===== The records =====

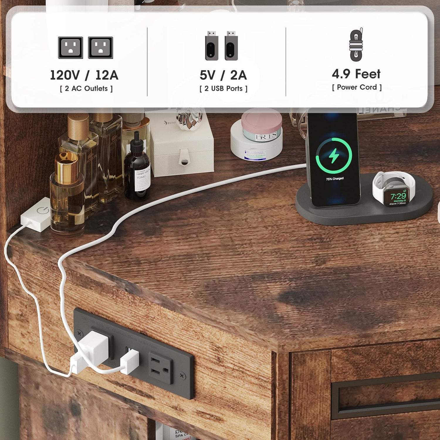 - CHARGE AT ANY TIME: The brown wood vanity is equipped with 4 built-in charging stations, including 2 USB ports and 2 outlets, making it easy to use your beauty tools as well as charge your electronic devices.
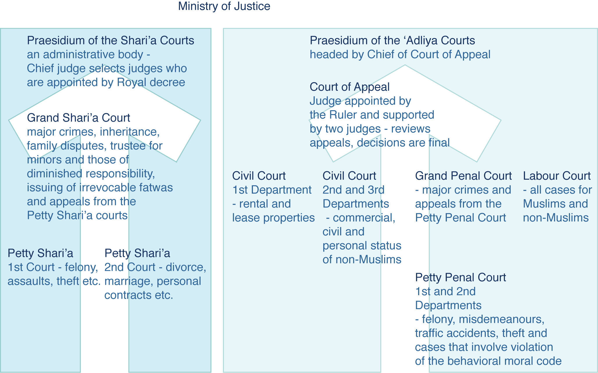 In order to practise, judges in the shar’ia courts are required to have a degree in shar’ia studies from an Islamic school, usually from Saudi Arabia or the al-Azhar university in Cairo. By contrast, judges in the ’adliya courts must have degrees from the law school of an accredited university and have practised for a prescribed number of years. In this they represent the two different characters of shar’ia and ’adliya: essentially the application of the word of God, and the rules of conduct based on a developed notion of justice, respectively.
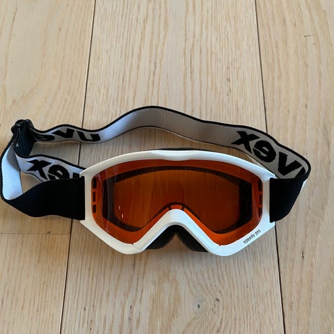 Uvex skibriller med orange linse, sølvfarvet ramme og sort justerbar rem. Brillerne har ventilationsåbninger for at reducere dugdannelse og sikre bedre udsyn under skiløb eller snowboarding.
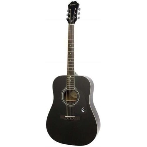 Epiphone FT-100 Acoustic Guitar Ebony has a selected spruce top and mahogany body with a mahogany set neck. Fingerboard is rosewood with dot inlays
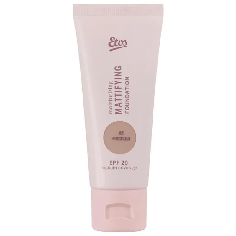 De Etos Moisturizing Mattifying Foundation SPF 20 in 03 Porcelain is ideaal voor een lichte huid met een neutrale ondertoon. Deze foundation biedt een matte finish die de hele dag blijft zitten en helpt bij het minimaliseren van poriën. Met een medium dekking zorgt het voor een egale teint en een frisse uitstraling.
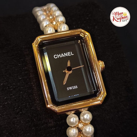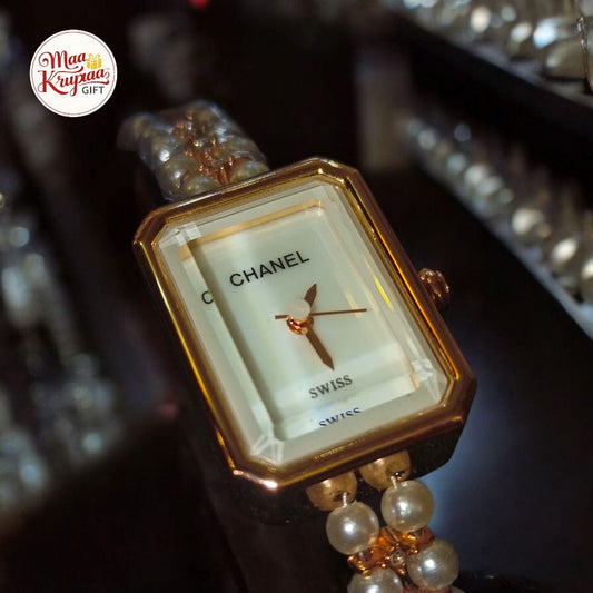 PREMIUM DIAMOND CREATED CHAIN WITH GOLD AND WHITE COLOUR DIAL CHANEL LADIES WATCH 738
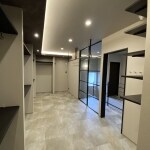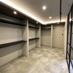 落ち着いた雰囲気をご希望でしたので、内装はダーク系で統一し、床は大理石調にすることで高級感を演出、棚には間接照明を配置して、ホテルライクな空間にいたしました。 元々の洋室は間取り変更によりさらに広くなりましたので、洋服を含め収納力も十分、朝の準備もスムーズに、暮らしにゆとりも生まれます。 また、廊下との間仕切りはガラスの間仕切りを採用しているので、まるで高級洋服店を思わせるウォークインクローゼットが完成いたしました。

=====

# Work instructions:
Could you repeat, exactly and with nothing added, the lines from the top of the entries above through the line that holds "In order to", leaving out any pictures?

# Answer below:
 - CHARGE AT ANY TIME: The brown wood vanity is equipped with 4 built-in charging stations, including 2 USB ports and 2 outlets, making it easy to use your beauty tools as well as charge your electronic devices.
 In order to practise, judges in the shar’ia courts are required to have a degree in shar’ia studies from an Islamic school, usually from Saudi Arabia or the al-Azhar university in Cairo. By contrast, judges in the ’adliya courts must have degrees from the law school of an accredited university and have practised for a prescribed number of years. In this they represent the two different characters of shar’ia and ’adliya: essentially the application of the word of God, and the rules of conduct based on a developed notion of justice, respectively.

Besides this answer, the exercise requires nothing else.